Il governatore del Friuli fa rimuovere dal palazzo della Regione, a Trieste, lo striscione per Giulio Regeni? Era proprio necessario?

Ancora polemiche per la decisione del governatore del Friuli Venezia Giulia, il leghista Massimiliano Fedriga, di far rimuovere dal palazzo della Regione, a Trieste, lo striscione dedicato a Giulio Regeni. Motivo? Pubblicizzare gli Europei under 21 di calcio, di cui alcune partite si giocano a Trieste e a Udine.

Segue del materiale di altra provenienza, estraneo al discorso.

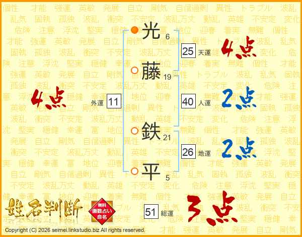 光藤鉄平さんの天運は25画の4点!
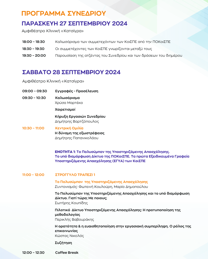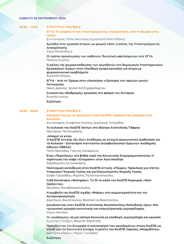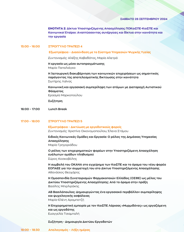 · Ενότητα 2: Δίκτυο Υποστηριζόμενης Απασχόλησης ΠΟΚοιΣΠΕ-ΚοιΣΠΕ και Κοινωνικοί Εταίροι: Αναπτύσσοντας συνέργειες και δίκτυα στην κοινότητα και την εργασία.
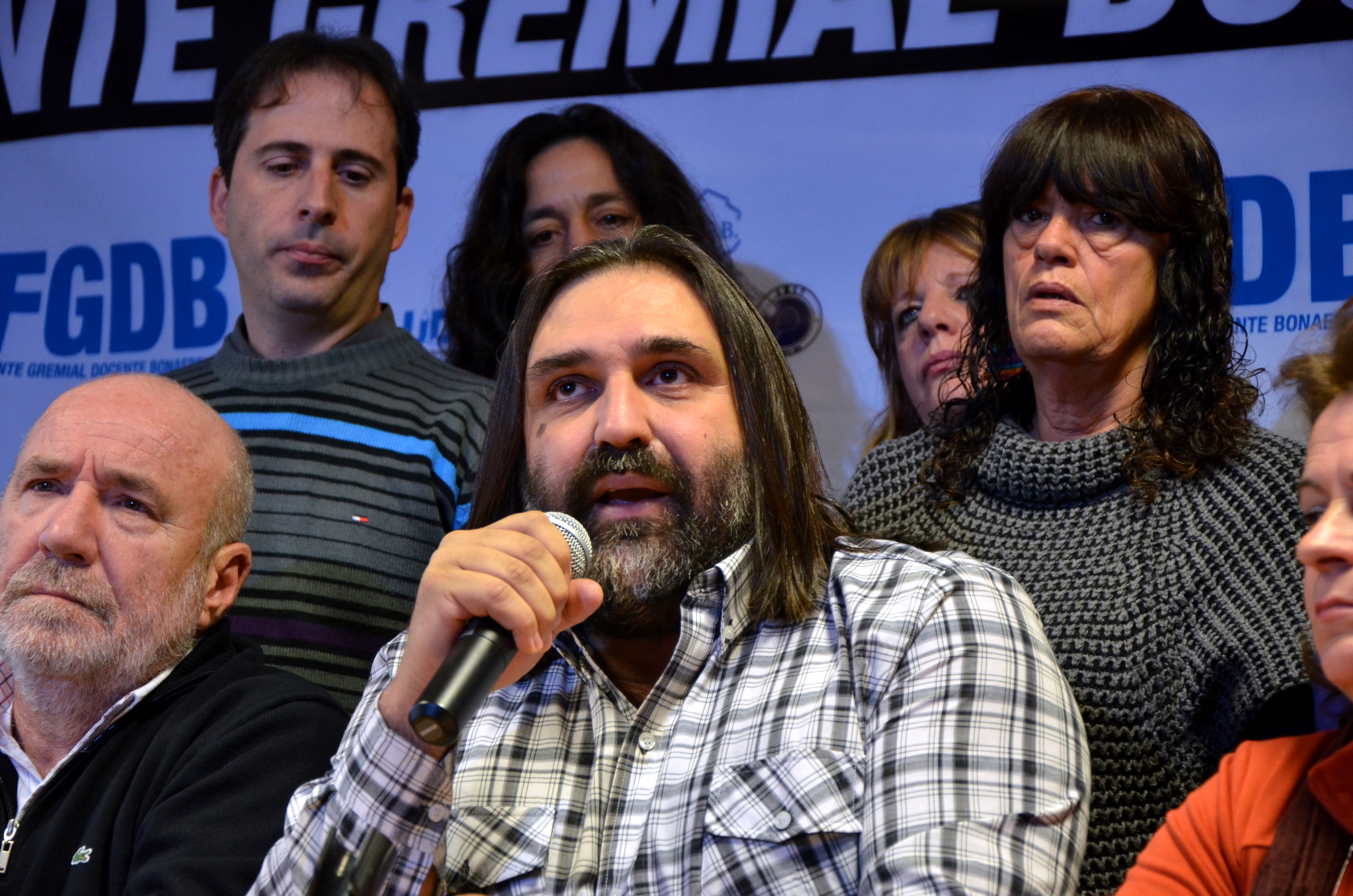 “En primer lugar, queremos decirle a la sociedad que hoy vence la conciliación obligatoria que ha dictado el Gobierno de la Provincia de Buenos Aires, la cual tenía como objetivo llegar a un acuerdo para poder resolver este conflicto que tenemos los docentes con la Provincia”, declaró Roberto Baradel, Secretario General de SUTEBA y CTA Pcia. de Buenos Aires durante la conferencia de prensa.

LO STRISCIONE PER GIULIO REGENI  A TRIESTE

Il messaggio per chiedere verità sull’assassinio del giovane ricercatore italiano, avvenuto tra gennaio e febbraio 2016, era stato fatto mettere quando era presidente Debora Serracchiani (Pd) ed era stato lasciato per circa un anno da Fedriga. Il governatore ha deciso di affidare a una lunga nota il suo pensiero così da motivare la decisione presa: “Anticipando le polemiche che continueranno a susseguirsi ad ogni batter di ciglio comunico che lo striscione non verrà più esposto né a Trieste né in altre sedi di Regione” ha detto aggiungendo che “malgrado non condivida la politica degli striscioni e dei braccialetti, non l’ho fatto rimuovere per più di un anno per non portare nell’agone politico la morte di un ragazzo. Perfino la Uefa mi ha dovuto scrivere impaurita da sterili tormentoni che non fanno altro che strumentalizzare il dramma avvenuto. Evidentemente – ha concluso – la mia attenzione per non urtare le sensibilità non ha pagato, e ci si sente pertanto legittimati a imporre con atteggiamenti prevaricatori cosa deve o non deve fare la Regione”.

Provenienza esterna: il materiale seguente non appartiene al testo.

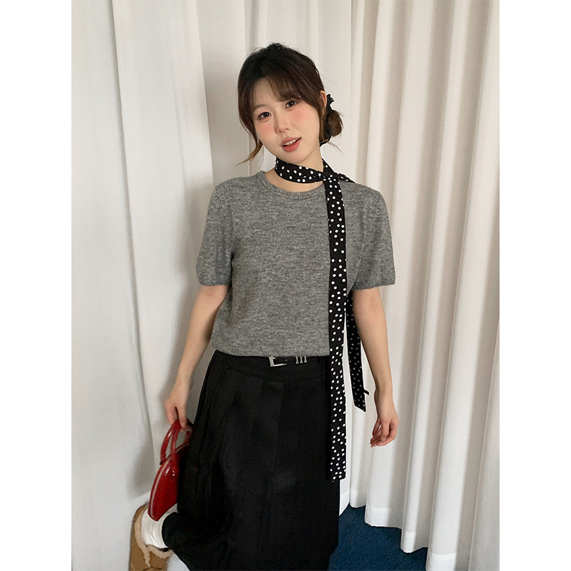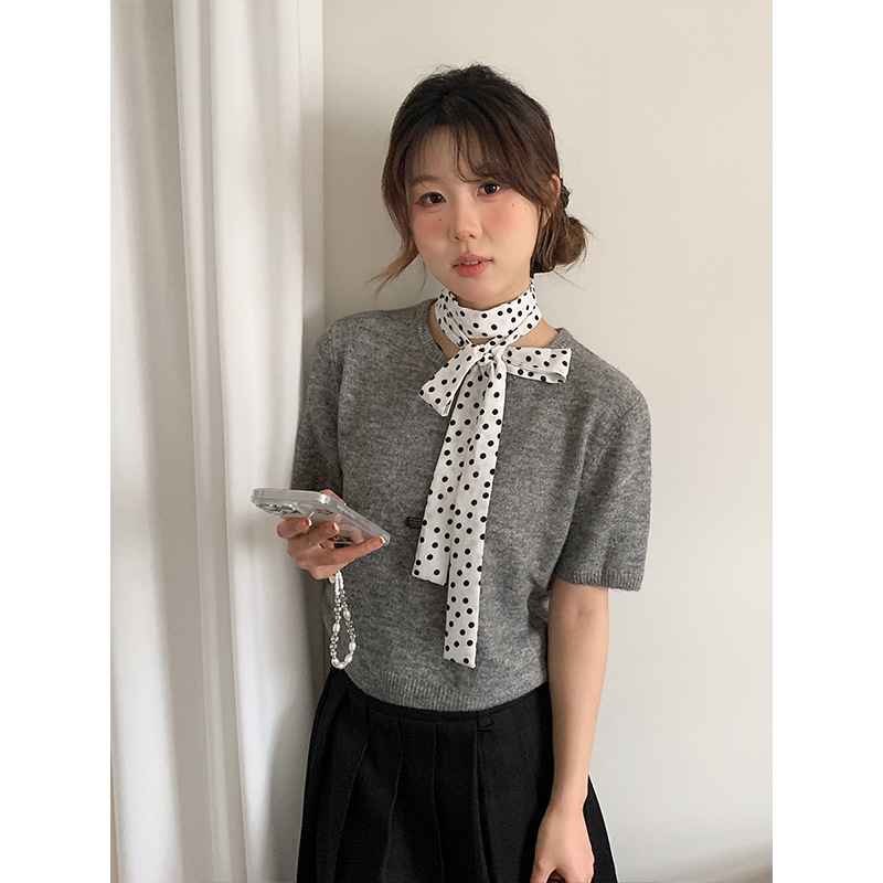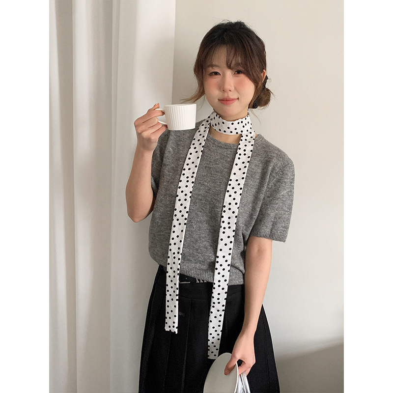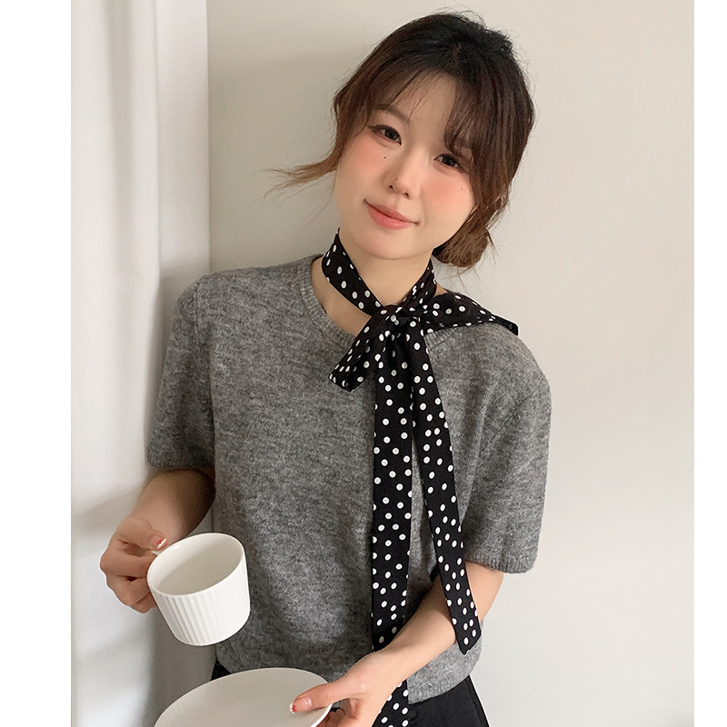 黑色波点丝巾女韩系复古气质2025新款百搭丝带薄款高级感围巾配饰

LA POSIZIONE DEL GOVERNATORE FRIULANO

Stante la legittima posizione espressa dal governatore friulano – su cui comunque si potrebbe discutere vista l’importanza del messaggio – non si poteva trovare un altro modo per ricordare la memoria di un giovane italiano barbaramente assassinato e sulla cui penosa vicenda ancora non è stata fatta luce? Seppure non si è voluto rimuovere temporaneamente lo striscione o collocarlo in un altro punto del palazzo, vista la contrarietà di Fedriga, non si poteva almeno accompagnarne la rimozione con qualche iniziativa cittadina o regionale? Mi domando: agendo in questo modo non è forse stato fatto un passo falso verso quella unità nazionale di cui tanto si parla, spesso vanamente? Se un Paese non è unito nel rammentare al mondo che ancora non è emersa la verità sulle brutalità subite da un connazionale, peraltro all’estero, su cosa deve mostrarsi unito? Quando gioca la Nazionale di calcio, come affermava qualche anno fa lo spot di una bevanda prodotta da un’antica e famosa azienda nostrana?

POLEMICHE STERILI

E su questi eventi non occorre neppure buttarla in politica, non c’entrano Destra e Sinistra, troppo spesso causa di divisioni inutili oltre che fuorvianti e talvolta laceranti: Giulio Regeni era un giovane italiano che è andato in Egitto per lavoro. Stop.

Senza voler citare i tanti esempi storici e letterari sull’importanza della coesione di un popolo, però inevitabilmente la memoria va alla frase che ancora oggi – ahimè – simboleggia l’unità d’Italia, “Fatta l’Italia, bisogna fare gli italiani”. Se la paternità del motto non è certa, la sostanza è chiara e, a quanto pare, incontrovertibile.